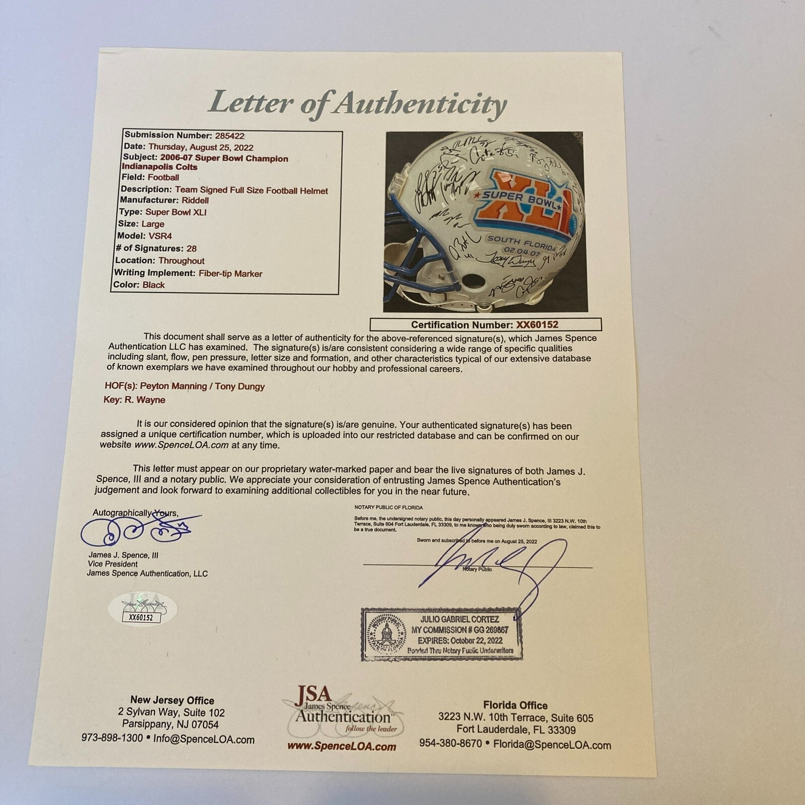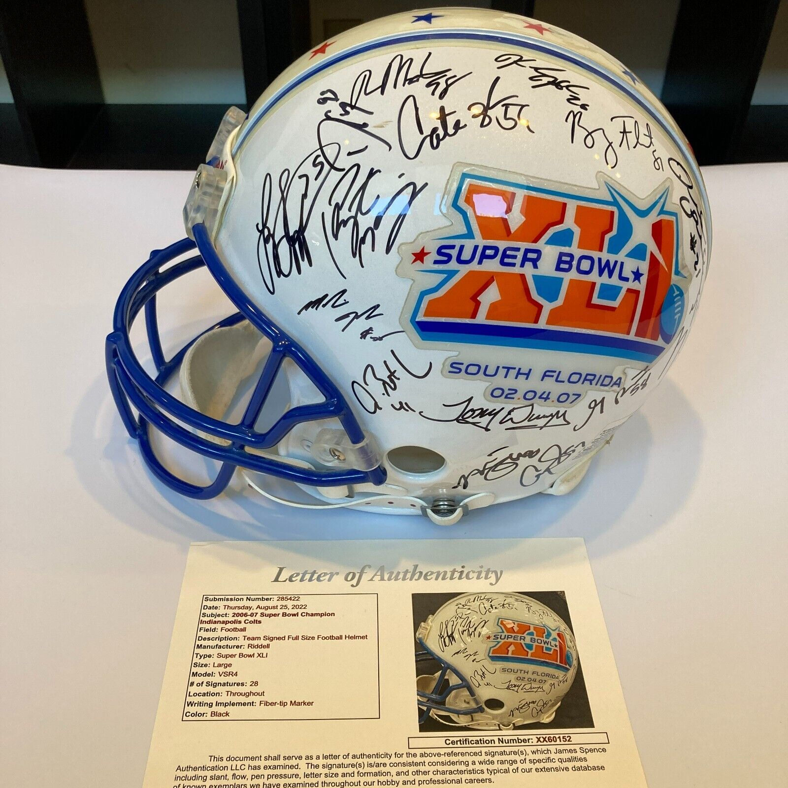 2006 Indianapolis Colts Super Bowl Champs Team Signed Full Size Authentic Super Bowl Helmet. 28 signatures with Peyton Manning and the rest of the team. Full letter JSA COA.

==

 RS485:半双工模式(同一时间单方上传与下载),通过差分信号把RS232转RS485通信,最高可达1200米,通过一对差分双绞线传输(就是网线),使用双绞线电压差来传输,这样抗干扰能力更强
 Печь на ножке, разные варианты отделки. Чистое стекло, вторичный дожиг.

==

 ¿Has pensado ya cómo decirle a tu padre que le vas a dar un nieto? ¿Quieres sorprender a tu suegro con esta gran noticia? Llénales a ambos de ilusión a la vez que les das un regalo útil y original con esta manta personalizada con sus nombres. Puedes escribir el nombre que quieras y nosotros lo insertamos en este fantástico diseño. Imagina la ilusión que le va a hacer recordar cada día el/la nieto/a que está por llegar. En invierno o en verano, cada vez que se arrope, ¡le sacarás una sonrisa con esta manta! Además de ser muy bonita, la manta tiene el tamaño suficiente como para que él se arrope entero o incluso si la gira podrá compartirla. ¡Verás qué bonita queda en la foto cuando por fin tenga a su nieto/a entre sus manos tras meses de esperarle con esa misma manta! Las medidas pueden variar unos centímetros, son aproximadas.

Exercise goal -> Would you please copy exactly the part of the entries above that begins at the line containing "RS485:半双工模式(同一" and ends at the line containing "Печь на ножке, разные", both lines included?

Problem solution ->
 RS485:半双工模式(同一时间单方上传与下载),通过差分信号把RS232转RS485通信,最高可达1200米,通过一对差分双绞线传输(就是网线),使用双绞线电压差来传输,这样抗干扰能力更强
 Печь на ножке, разные варианты отделки. Чистое стекло, вторичный дожиг.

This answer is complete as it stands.